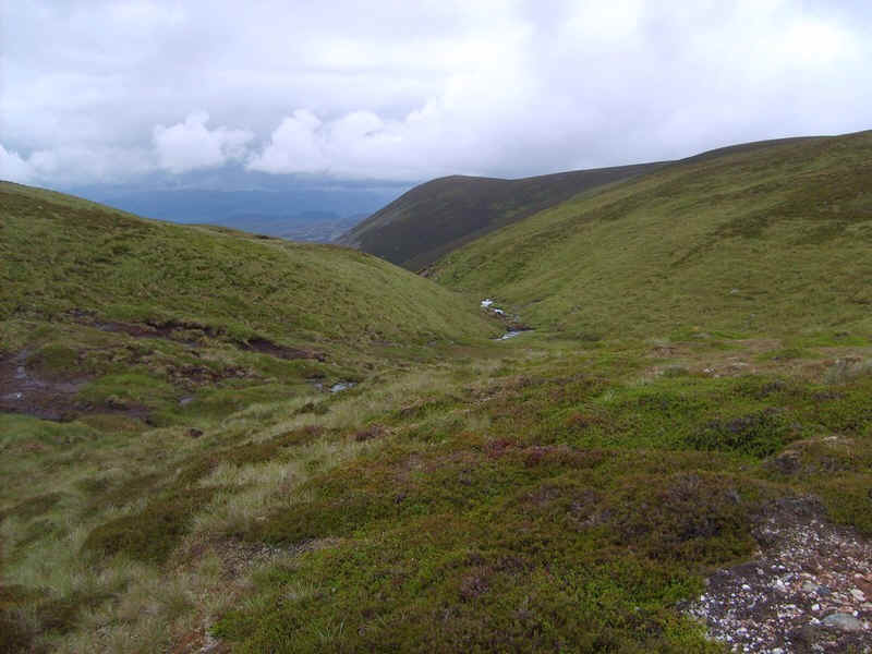 .....where the broad track comes down to near a stream at the bealach at the head of Coire Chuirn. The problem is that not all the tracks are marked, even on the 1:25000 OS map and I'd not noticed the junction.
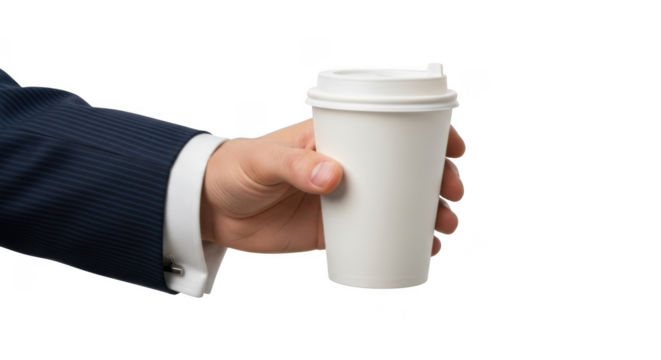 Hand in suit holding white disposable coffee cup with lid on transparent background
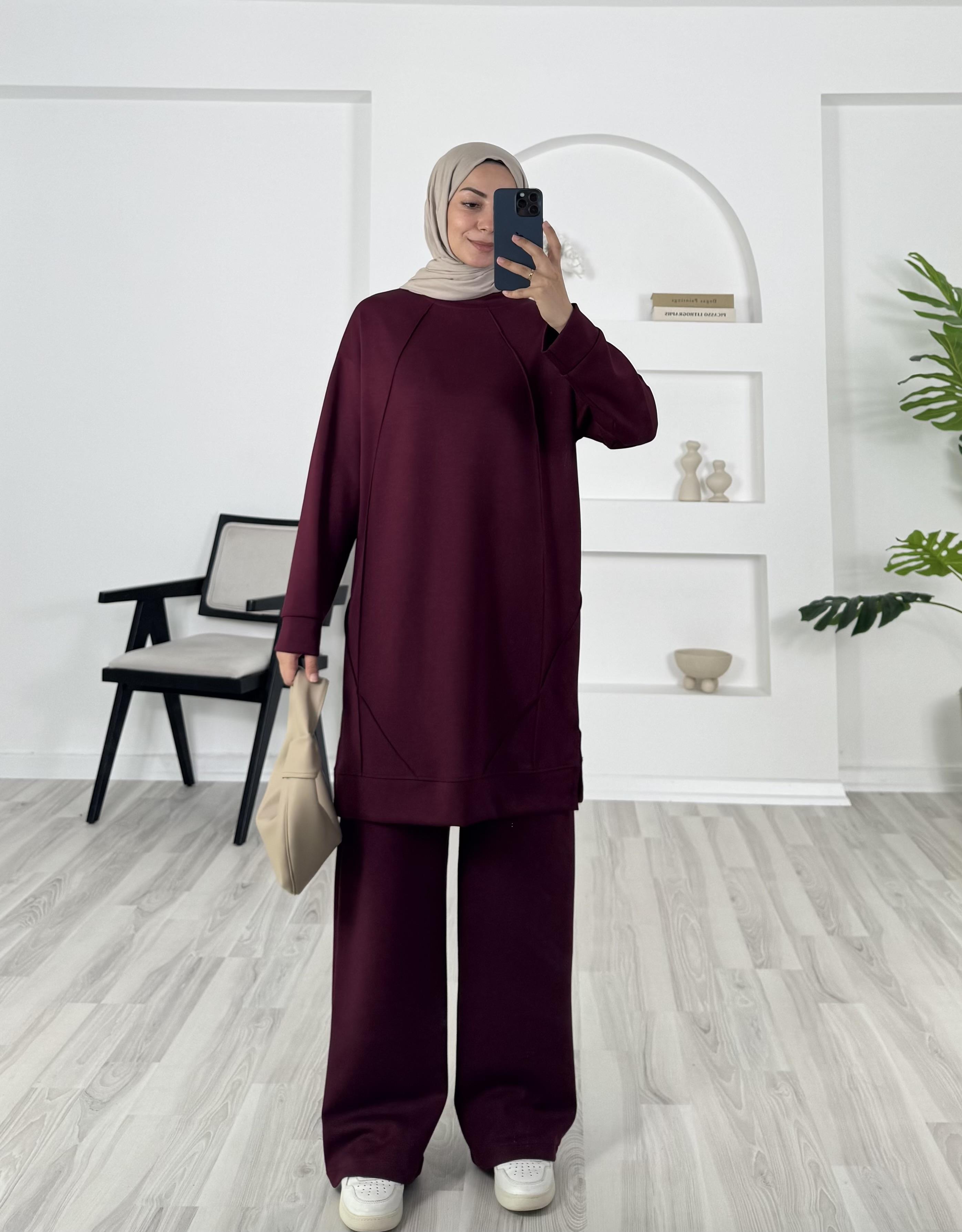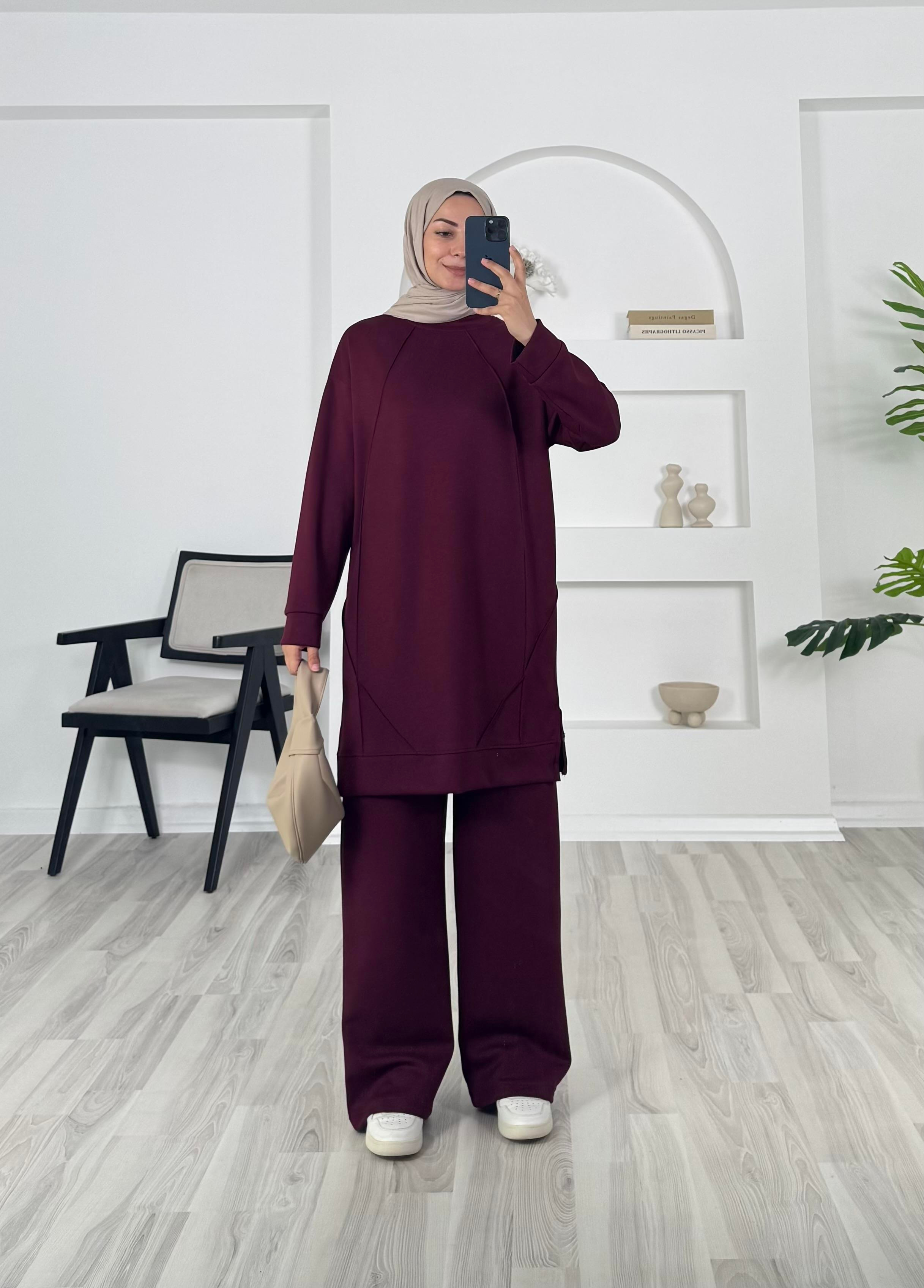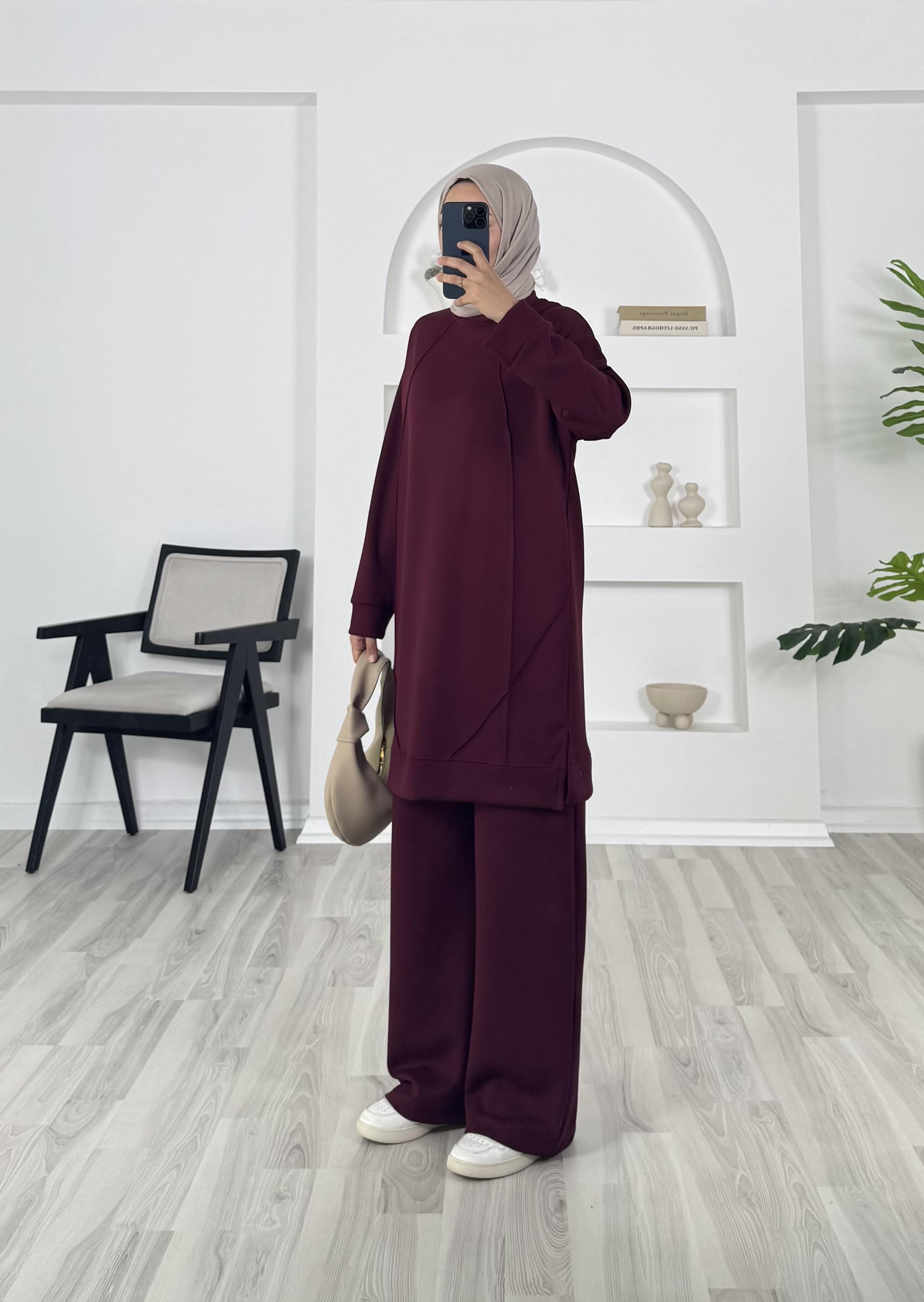 7321 -oysho kumaş önü çımalı bol paça pantolonlu takım - bordo (7321)
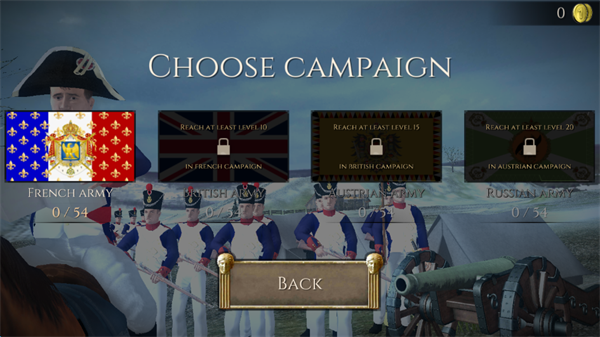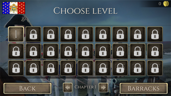 2、选择关卡,后续的国家战役需要上一个战役达到一定的要求。
========================================================================
• **Task brief**: Please give the data again in full, exactly as written, but without any images.

• **Response to the exercise**:
 .....where the broad track comes down to near a stream at the bealach at the head of Coire Chuirn. The problem is that not all the tracks are marked, even on the 1:25000 OS map and I'd not noticed the junction.
 Hand in suit holding white disposable coffee cup with lid on transparent background
 7321 -oysho kumaş önü çımalı bol paça pantolonlu takım - bordo (7321)
 2、选择关卡,后续的国家战役需要上一个战役达到一定的要求。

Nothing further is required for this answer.